* **GIVEN INFORMATION**:
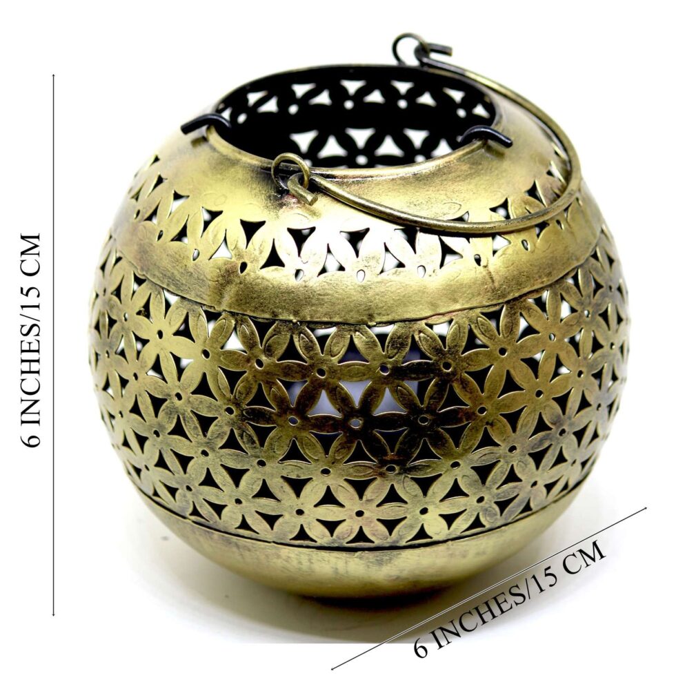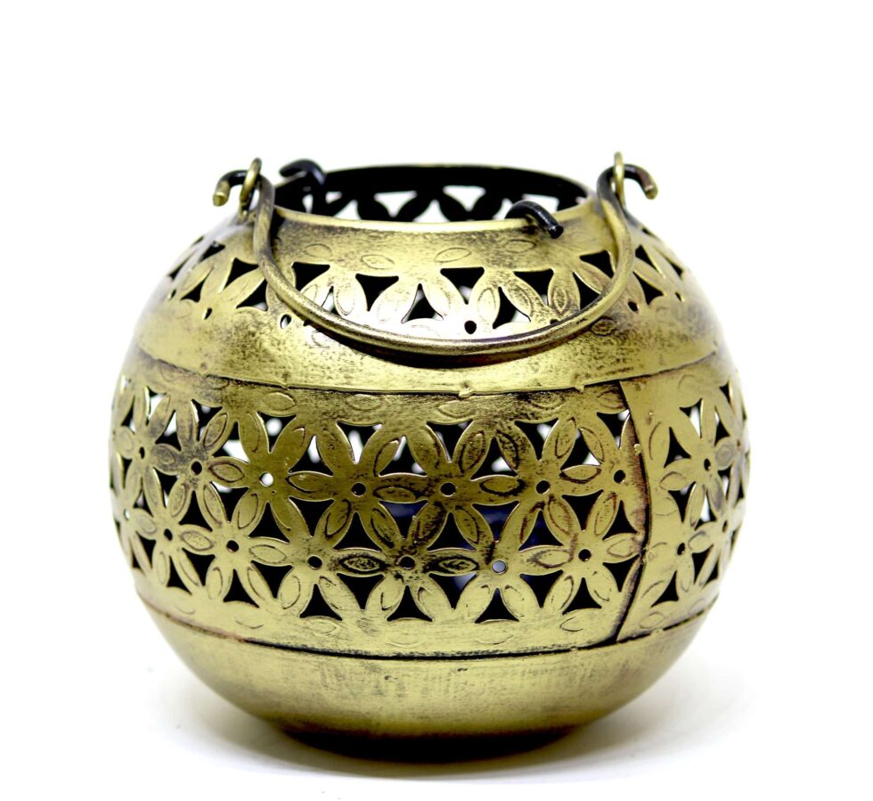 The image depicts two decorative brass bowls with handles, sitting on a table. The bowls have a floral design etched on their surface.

* * *

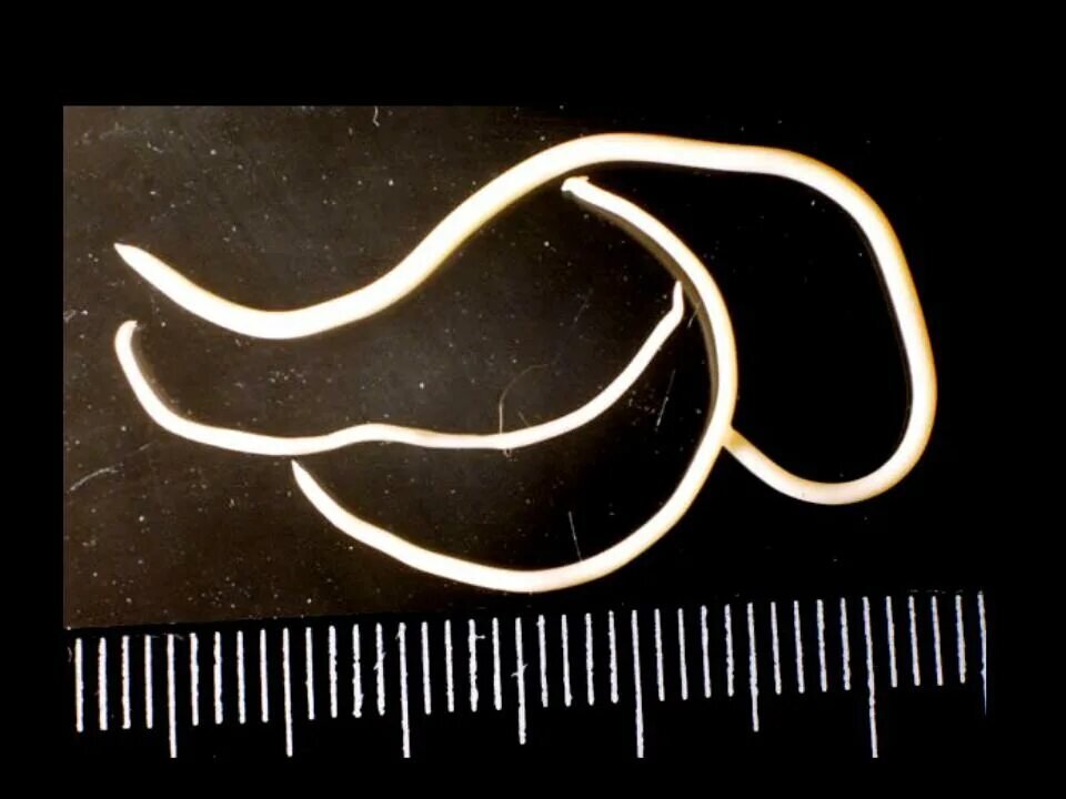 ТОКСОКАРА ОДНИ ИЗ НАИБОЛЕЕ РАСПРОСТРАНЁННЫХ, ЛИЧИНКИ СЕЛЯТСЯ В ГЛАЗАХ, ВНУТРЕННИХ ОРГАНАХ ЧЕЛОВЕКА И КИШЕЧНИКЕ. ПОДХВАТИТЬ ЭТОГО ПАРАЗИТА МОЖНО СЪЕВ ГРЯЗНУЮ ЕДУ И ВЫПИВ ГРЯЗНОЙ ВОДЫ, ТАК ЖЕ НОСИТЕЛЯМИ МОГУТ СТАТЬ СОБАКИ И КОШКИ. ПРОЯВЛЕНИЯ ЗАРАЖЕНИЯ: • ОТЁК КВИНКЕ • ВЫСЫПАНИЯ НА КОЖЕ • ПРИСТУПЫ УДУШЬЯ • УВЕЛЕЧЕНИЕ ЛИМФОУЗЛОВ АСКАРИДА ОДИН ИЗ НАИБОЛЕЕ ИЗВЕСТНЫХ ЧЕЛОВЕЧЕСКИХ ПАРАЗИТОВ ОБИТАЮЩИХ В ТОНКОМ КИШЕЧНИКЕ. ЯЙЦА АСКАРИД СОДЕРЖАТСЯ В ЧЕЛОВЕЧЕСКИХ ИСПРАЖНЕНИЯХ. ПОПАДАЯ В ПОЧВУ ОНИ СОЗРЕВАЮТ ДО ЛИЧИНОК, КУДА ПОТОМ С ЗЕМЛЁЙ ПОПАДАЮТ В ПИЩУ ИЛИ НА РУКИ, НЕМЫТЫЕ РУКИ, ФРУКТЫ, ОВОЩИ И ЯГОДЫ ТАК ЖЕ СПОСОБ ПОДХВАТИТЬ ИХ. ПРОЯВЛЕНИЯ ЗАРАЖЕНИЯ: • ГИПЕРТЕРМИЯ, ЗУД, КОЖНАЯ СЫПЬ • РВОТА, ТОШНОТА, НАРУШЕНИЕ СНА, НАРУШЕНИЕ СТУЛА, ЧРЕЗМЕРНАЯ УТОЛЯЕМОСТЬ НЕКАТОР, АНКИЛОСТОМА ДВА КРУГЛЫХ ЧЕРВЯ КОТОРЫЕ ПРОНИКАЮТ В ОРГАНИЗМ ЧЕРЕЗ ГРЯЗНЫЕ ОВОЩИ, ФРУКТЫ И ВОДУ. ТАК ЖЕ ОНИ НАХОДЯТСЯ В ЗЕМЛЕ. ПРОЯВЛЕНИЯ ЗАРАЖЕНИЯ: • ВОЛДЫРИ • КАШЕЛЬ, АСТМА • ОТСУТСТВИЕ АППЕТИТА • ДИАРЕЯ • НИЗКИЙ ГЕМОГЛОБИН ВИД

==

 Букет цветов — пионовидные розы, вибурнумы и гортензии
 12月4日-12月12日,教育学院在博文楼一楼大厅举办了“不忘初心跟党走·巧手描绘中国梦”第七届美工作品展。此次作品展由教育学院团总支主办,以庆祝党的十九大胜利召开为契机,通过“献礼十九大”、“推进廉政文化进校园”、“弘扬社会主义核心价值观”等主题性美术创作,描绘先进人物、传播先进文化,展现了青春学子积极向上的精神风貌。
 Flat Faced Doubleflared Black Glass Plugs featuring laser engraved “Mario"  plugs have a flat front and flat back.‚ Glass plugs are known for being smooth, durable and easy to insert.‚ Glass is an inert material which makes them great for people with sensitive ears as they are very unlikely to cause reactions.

* **WHAT YOU SHOULD DO**:
Copy the lines above exactly. Start with the line containing "12月4日-12月12日,教", end with the line containing "Flat Faced Doubleflared", and include both.

* **RESPONSE TO THIS EXERCISE**:
 12月4日-12月12日,教育学院在博文楼一楼大厅举办了“不忘初心跟党走·巧手描绘中国梦”第七届美工作品展。此次作品展由教育学院团总支主办,以庆祝党的十九大胜利召开为契机,通过“献礼十九大”、“推进廉政文化进校园”、“弘扬社会主义核心价值观”等主题性美术创作,描绘先进人物、传播先进文化,展现了青春学子积极向上的精神风貌。
 Flat Faced Doubleflared Black Glass Plugs featuring laser engraved “Mario"  plugs have a flat front and flat back.‚ Glass plugs are known for being smooth, durable and easy to insert.‚ Glass is an inert material which makes them great for people with sensitive ears as they are very unlikely to cause reactions.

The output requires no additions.